2. Introduction & Background
● All photosynthetic microbes, such as green algae, gain energy from solar
radiation/sunlight.
● Most photosynthetic microbes are also autotrophic, meaning they derive their
carbon from inorganic carbon sources. (2)
● For all autotrophs, the ATP and NADPH produced from the energy yielding
catabolic reactions are used in the anabolic reactions to reduce CO2 to yield
organic carbon compounds for production of new cells.(2)
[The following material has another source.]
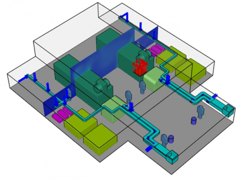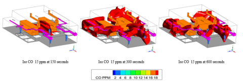 This study has simulated a basement fire using Autodesk CFD 2020 to test the effectiveness of exhaust fans at various flow rates (20,000 m³/h, 50,000 m³/h, and 100,000 m³/h). The results show that the exhaust fan volume of 100,000 m³/h is the most optimal because at 1200 seconds after the fire, the temperature below 1.4 meters remains below 65℃ with smoke visibility of around 10 meters. This condition supports evacuation and makes it easier for firefighters. Autodesk CFD has proven effective in verifying designs before field implementation [28]. This research has developed a modular COVID-19 testing center at Incheon Airport for rapid detection. The modular facility, designed with negative pressure, was selected for its speed and cost-effectiveness than conventional construction. An energy recovery ventilation (ERV) system and a CFD simulation-based design were applied to overcome energy and condensation challenges commonly found in standard facilities. As a result, the facility was completed in two weeks and met international pressure and ventilation standards [29].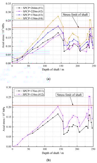 When the backfill ratio is higher than 0%, due to the supporting effect of solid backfilling material on overlying strata, the movement of overlying strata is more moderated. Therefore, prior to the shafts being damaged, the change of the shafts axial stress is small. Therefore, for the schemes where the backfill ratios are not 0% (#9–#32), this paper only lists the results that the axial stress is obviously changed during the excavation process. The axial compressive stress judging the shaft damaged is 21.3 MPa. The depth profiles of axial stress of the Baishan shafts at different backfill ratios is shown in Figure 5.

● Many algal species are also able to grow as organoheterotrophs, meaning they
can grow without sunlight and they can derive their carbon from organic carbon
sources such as glucose.

3. The Reactors
● For our project, we wanted to make two algae batch reactors.
○ One reactor will have algae growth medium and stay in the sunlight, while the
other reactor will have glucose medium and be covered in tinfoil.
○ We wanted to see how well the algae grows depending on the energy and carbon
source.
● The algae reactor in the sunlight will be photoautotrophic because it will use light for its
energy source and CO2 for its carbon source (as mentioned before).
○ The reactor will also have a cap on it to simulate an anaerobic environment.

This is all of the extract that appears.